** Opening DATA FOR ANALYSIS block **

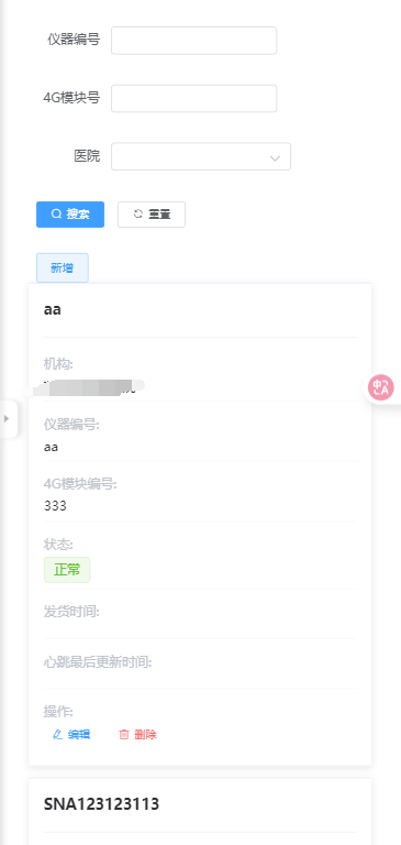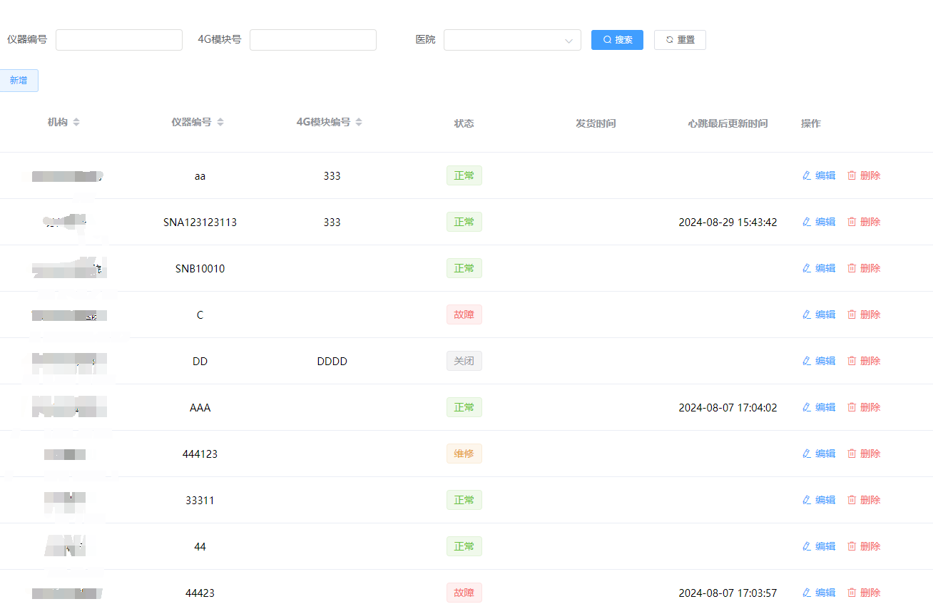 <flex-table :data="dataList" style="width: 100%" v-loading="loading" primary-field="number"> <el-table-column prop="organization" label="机构" sortable align="center"></el-table-column> <el-table-column prop="number" label="仪器编号" sortable align="center"></el-table-column> <el-table-column prop="sn4g" label="4G模块编号" sortable align="center"></el-table-column> <el-table-column prop="state" label="状态" align="center"> <template slot-scope="scope"> <el-tag-mid v-if="scope.row.state==0" type="success""> 正常 </el-tag-mid> <el-tag-mid v-else-if=" scope.row.state==1" type="danger"> 故障 </el-tag-mid> <el-tag-mid v-else-if="scope.row.state==2" type="info"> 关闭 </el-tag-mid> <el-tag-mid v-else-if="scope.row.state==3" type="warning"> 维修 </el-tag-mid> </template> </el-table-column> <el-table-column prop="deliver_date" label="发货时间" align="center"> </el-table-column> <el-table-column prop="socketHeartLastTime" label="心跳最后更新时间" align="center"> </el-table-column> <el-table-column label="操作" width="240" type="action" > <template slot-scope="scope"> <el-button type="text" icon="el-icon-edit" @click="editInfo(scope.row)">编辑</el-button> <el-button type="text" icon="el-icon-delete" @click="handelDelete(scope.row.id)" style="color:#F56C6C">删除</el-button> </template> </el-table-column> </flex-table>
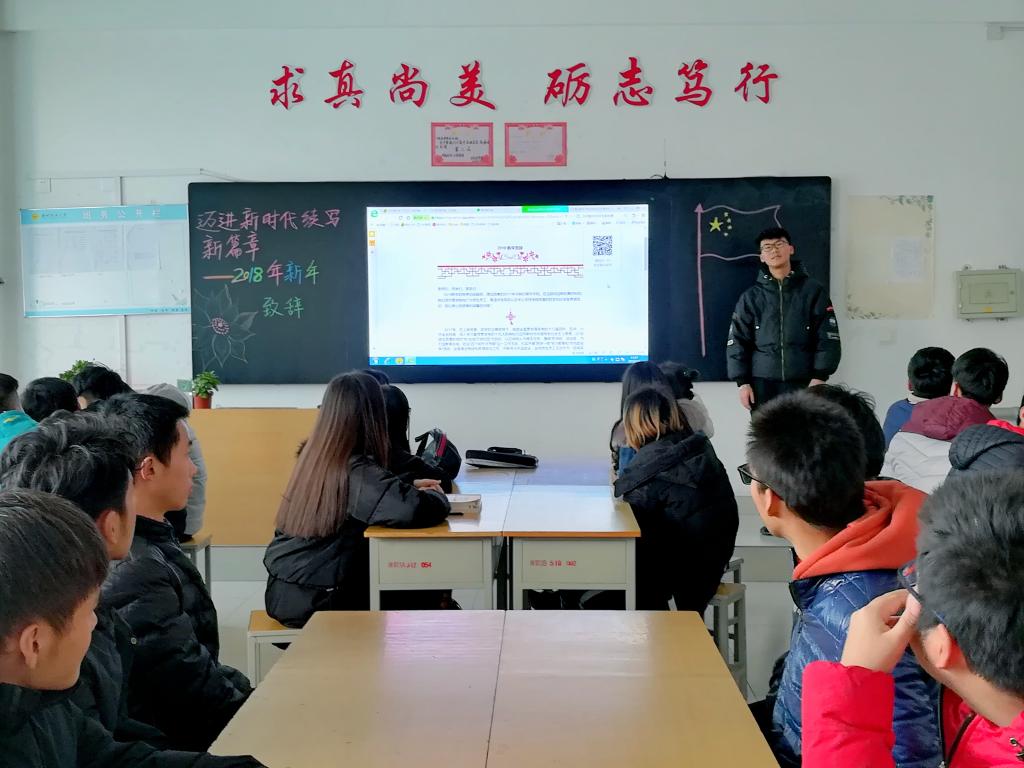 活动最后,又组织同学们共同学习了学院《迈进新时代续写新篇章——2018年新年致辞》,让同学们了解学院2017年取得的巨大成绩,感受学院的办学实力和社会影响力,引导学生脚踏实地,践行校训精神,为优质校建设增光添彩。
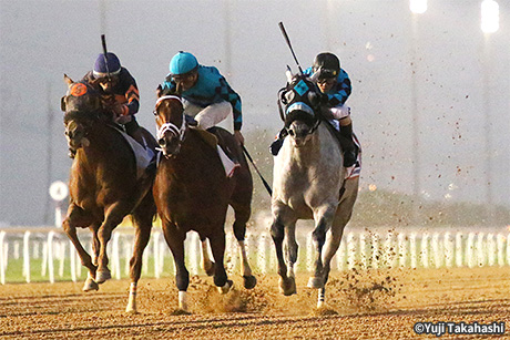 すんなりと8頭がゲートに納まって、スタートを切ると、ロケットスタートを決めたのは、前哨戦のマハブアルシマール(G3)をレコードタイムで逃げ切ったジョーダンスポート(せん5歳)。ファウジ・ナス調教師は、例え8頭立てだとはいえ、大外枠になったことを嘆いていたが、快速を生かして内へと切れ込んでいく。同じ脚質のエックスワイジェットは完全に前に入られ、キックバック(砂の跳ね返り)をよけるために1頭分外へと持ち出した。その後ろを内にマテラスカイ(牡4歳、栗東・森秀行厩舎)、外にマイキャッチ(せん7歳)が、この直後をロイエイチが「いつでもかわせるぞ」という気配で続いた。マインドユアビスケッツは、スタートこそ五分だったが、二の脚がつかず、レイナルドザウィザード(せん12歳)が内に切れ込んだのと入れ替わりで外に持ち出して、最後方を追走した。
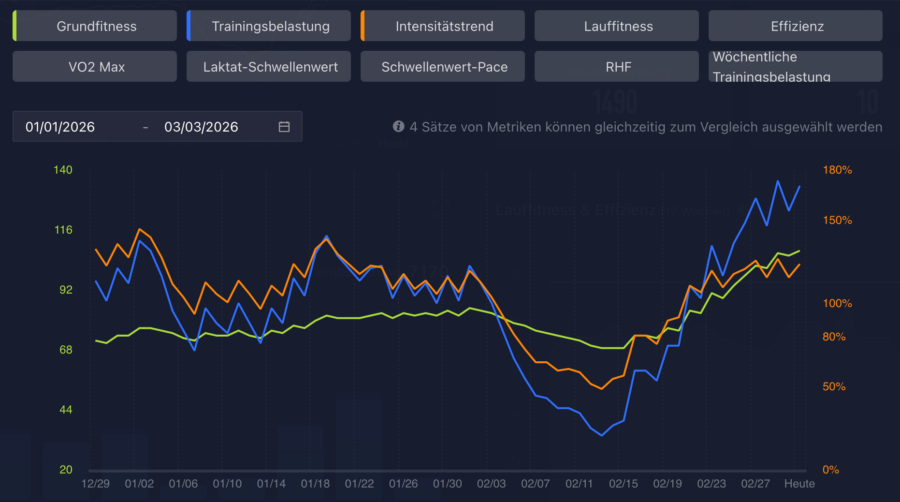 Danke und gerne 🙂 Die Kurve ist aktuell wieder etwas zickig, das Frühjahr ist durchaus zäh diesmal. Diese schönen einfachen bunten Kurve bietet mir das Coros „Trainings-Hub“, gehört also zur Uhr. Als Trainingstool nutze ich das nicht (weil keine Trainingspläne), aber so als Trend kann man da schnell viel erkennen.
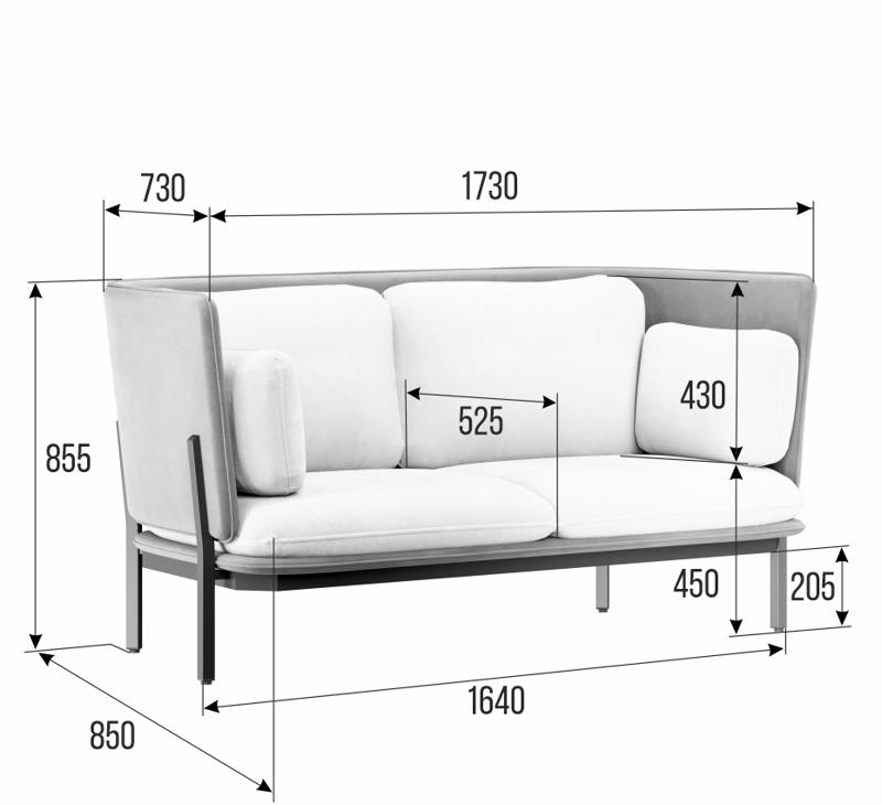 Stato Диван двухместный с низкой спинкой STA-02L Velutto 29/Металл Черный 1730*850*855

** Closing DATA FOR ANALYSIS block **

(WHAT IS BEING ASKED)
Give back the full listing above word for word, and let no picture through.

(RESULT FOR THIS EXERCISE)
 <flex-table :data="dataList" style="width: 100%" v-loading="loading" primary-field="number"> <el-table-column prop="organization" label="机构" sortable align="center"></el-table-column> <el-table-column prop="number" label="仪器编号" sortable align="center"></el-table-column> <el-table-column prop="sn4g" label="4G模块编号" sortable align="center"></el-table-column> <el-table-column prop="state" label="状态" align="center"> <template slot-scope="scope"> <el-tag-mid v-if="scope.row.state==0" type="success""> 正常 </el-tag-mid> <el-tag-mid v-else-if=" scope.row.state==1" type="danger"> 故障 </el-tag-mid> <el-tag-mid v-else-if="scope.row.state==2" type="info"> 关闭 </el-tag-mid> <el-tag-mid v-else-if="scope.row.state==3" type="warning"> 维修 </el-tag-mid> </template> </el-table-column> <el-table-column prop="deliver_date" label="发货时间" align="center"> </el-table-column> <el-table-column prop="socketHeartLastTime" label="心跳最后更新时间" align="center"> </el-table-column> <el-table-column label="操作" width="240" type="action" > <template slot-scope="scope"> <el-button type="text" icon="el-icon-edit" @click="editInfo(scope.row)">编辑</el-button> <el-button type="text" icon="el-icon-delete" @click="handelDelete(scope.row.id)" style="color:#F56C6C">删除</el-button> </template> </el-table-column> </flex-table>
 活动最后,又组织同学们共同学习了学院《迈进新时代续写新篇章——2018年新年致辞》,让同学们了解学院2017年取得的巨大成绩,感受学院的办学实力和社会影响力,引导学生脚踏实地,践行校训精神,为优质校建设增光添彩。
 すんなりと8頭がゲートに納まって、スタートを切ると、ロケットスタートを決めたのは、前哨戦のマハブアルシマール(G3)をレコードタイムで逃げ切ったジョーダンスポート(せん5歳)。ファウジ・ナス調教師は、例え8頭立てだとはいえ、大外枠になったことを嘆いていたが、快速を生かして内へと切れ込んでいく。同じ脚質のエックスワイジェットは完全に前に入られ、キックバック(砂の跳ね返り)をよけるために1頭分外へと持ち出した。その後ろを内にマテラスカイ(牡4歳、栗東・森秀行厩舎)、外にマイキャッチ(せん7歳)が、この直後をロイエイチが「いつでもかわせるぞ」という気配で続いた。マインドユアビスケッツは、スタートこそ五分だったが、二の脚がつかず、レイナルドザウィザード(せん12歳)が内に切れ込んだのと入れ替わりで外に持ち出して、最後方を追走した。
 Danke und gerne 🙂 Die Kurve ist aktuell wieder etwas zickig, das Frühjahr ist durchaus zäh diesmal. Diese schönen einfachen bunten Kurve bietet mir das Coros „Trainings-Hub“, gehört also zur Uhr. Als Trainingstool nutze ich das nicht (weil keine Trainingspläne), aber so als Trend kann man da schnell viel erkennen.
 Stato Диван двухместный с низкой спинкой STA-02L Velutto 29/Металл Черный 1730*850*855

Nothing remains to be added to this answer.